Цилиндрическая испытательная гильза использовалась как эталон качества. Болт, закрытый гильзой, должен точно устанавливаться внутрь этого контрольного калибра, т.е. гильза не должна охватывать болт слишком туго или слишком слабо. На основе моделирования процесса охвата методом конечных элементов (МКЭ), были определены параметры, способные оказать существенное влияние на результаты создания оболочки. Далее последовали многочисленные испытания оболочки, во время которых все важные данные с двух сервоцилиндров регистрировались посредством программных осциллографов TwinCAT Scope в режиме реального времени. Они включали, например, потребление электроэнергии, крутящий момент и ошибки вследствие запаздывания серводвигателей.

Интеграция ML в контроллер станка

В рамках классической платформы машинного обучения – в данном случае Scikit Learn – была разработана и обучена очень надежная регрессионная модель машинного обучения на основе записанных тестовых данных. Работа с платформой ML включает подготовку и создание выборки данных, моделирование и обучение подходящим алгоритмам ML, а также их оценка. Результатом этих шагов является подготовленная модель ML, которая отображает отношение между входящими и целевыми данными. Интерфейс для развертывания модели ML в ПО TwinCAT 3 является открытым, как и интерфейс для данных. Здесь, файл обмена формата ONNX (Open Neural Network Exchange) поддерживается в качестве установленного стандарта.

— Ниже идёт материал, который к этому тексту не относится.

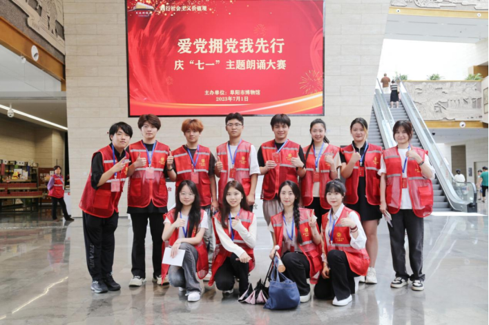 本次活动正逢“七一”建党节,阜阳市博物馆举行了“爱党拥党我先行”的庆“七一”主题朗诵大赛,同学们积极参与其中,助力博物馆搭建生动的“红色课堂”,传播红色文化,宣扬革命精神。
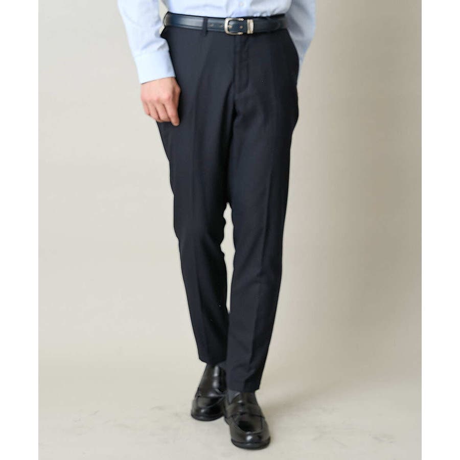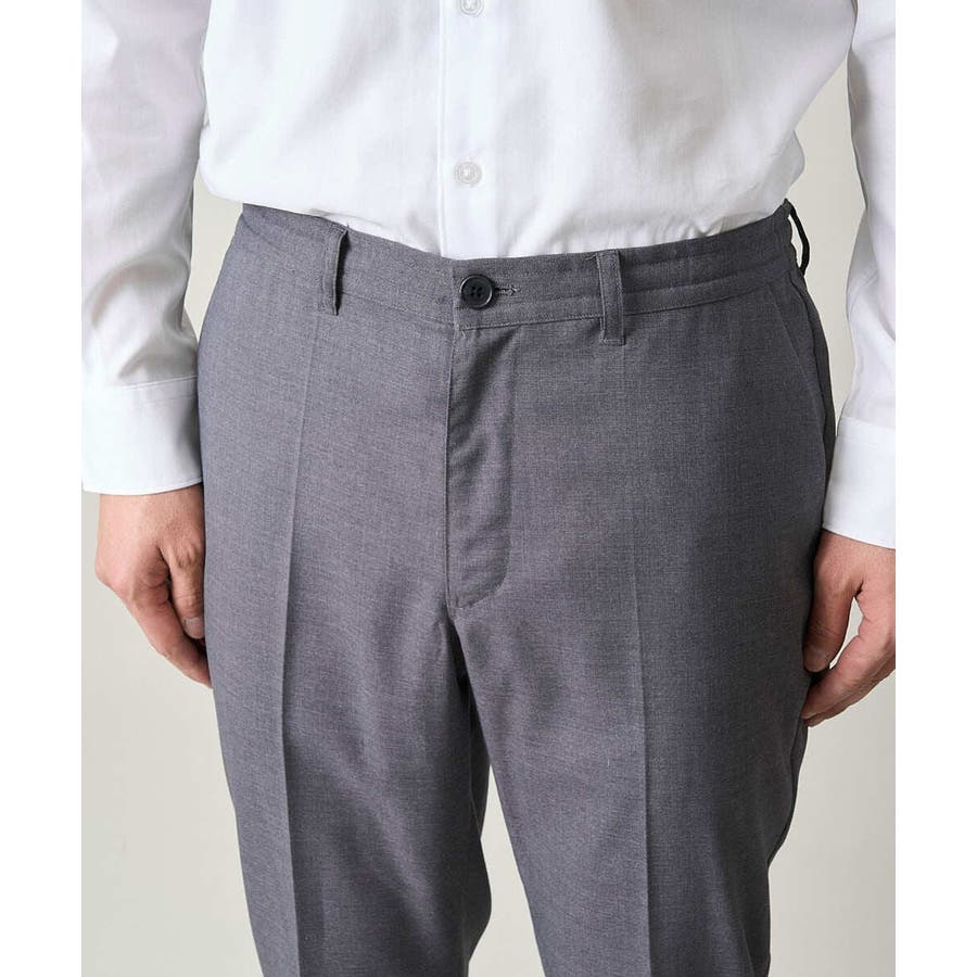 脚長効果でスタイルを良く見せることが期待できるこだわりのセンタープレス入りのテーパードシルエット。

Следующим этапом в проекте была интеграция обученных ML-моделей в режиме реального времени в контроллер станка. Для этого использовался TwinCAT 3 Neural Network Inference Engine (TF3810), так что по словам Робина Ветча конвертируемую в ONNX-формат модель легко реализовывать в среде реального времени TwinCAT с помощью всего нескольких строк кода. Для развертывания модели ML в TwinCAT 3 экспортируемая модель ML конвертируется в двоичный формат (.bml), а затем сохраняется в целевой системе (Embedded PC или ПК для шкафов управления). После загрузки файла в формате .bml, модель среды выполнения конфигурируется таким образом, что точные вычислительные операции, необходимые для анализа модели ML, эффективно выполняются в ЦП промышленного ПК. Это гарантирует, что результирующий модуль является компонентом логического вывода, работающим в режиме реального времени, который интегрируется в TwinCAT 3 и поддерживает все известные способы программирования в TwinCAT 3: вызов модуля из ПЛК, из C/C++ или напрямую посредством циклических задач.

Представление ширины гильзы как один из критериев качества оболочки.
Представление ширины гильзы как один из критериев качества оболочки.

Результаты проекта

При выполнении модели ML, обученной для обследования анкерного болта, высота и ширина охватывающей гильзы оцениваются с точностью +/-0,15 мм, что соответствует относительной погрешности в 2%. Отверстие гильзы можно оценить с относительной погрешностью 10%. В качестве упрощенного приближения можно установить, что испытуемая гильза в достаточной степени определяет высоту и ширину охватывающей гильзы. Для этого использовалась нейронная сеть типа MLP (Multi Layer Perceptron). Отправными точками модели являются расчетные значения ширины, высоты и отверстия гильзы. С помощью простых предельных значений, заданных в ПЛК, в дополнение к регрессии можно реализовать простую классификацию.

По мнению Робина Ветча, благодаря контролю качества на основе данных, компания получает многочисленные преимущества. Таким образом, 100% поточный контроль качества можно реализовать без использования дополнительных датчиков или испытательных установок. Более того, данные о качестве, доступные для каждого процесса охвата, можно использовать для более подробного анализа. Возможность работы ML-решения в режиме реального времени обеспечивает идеальную основу для реализации механизмов раннего выявления и отбраковывания деталей с неудовлетворительными характеристиками. И наконец, детализированное представление тренда через TwinCAT HMI обеспечивает своевременное реагирование оператора.